Equity and Efficiency of Using Wearables Data for COVID-19 Monitoring (2020-2021)

The coronavirus pandemic has resulted in over 35 million infections and over 612,000 deaths in the U.S. alone as of mid-August 2021. To quickly identify and isolate new infections and clusters, public health officials are seeking new tools to target diagnostic testing for individuals who exhibit symptoms.

In April 2020, Duke launched CovIdentify to test the viability of using wearables to quickly identify individuals who may have contracted the coronavirus.
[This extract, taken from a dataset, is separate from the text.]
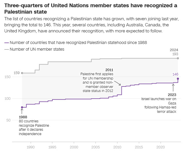 • Αναγνωρίσεις Δύσης: Η Βρετανία, ο Καναδάς, η Αυστραλία και η Πορτογαλία έχουν ήδη αναγνωρίσει την Παλαιστίνη, ενώ Βέλγιο, Λουξεμβούργο, Σαν Μαρίνο και Μάλτα αναμένεται να ακολουθήσουν.

The CovIdentify platform integrates information from widely used wearables with simple daily electronic self-reports on symptoms and social distancing, for up to 12 months. CovIdentify’s overarching objective is to implement existing digital biomarkers and establish new digital biomarkers to develop, validate and translate CovIdentify as a continuous screening tool. Since April, the study has collected data from over 7,500 individuals using a “bring-your-own-device” (BYOD) model.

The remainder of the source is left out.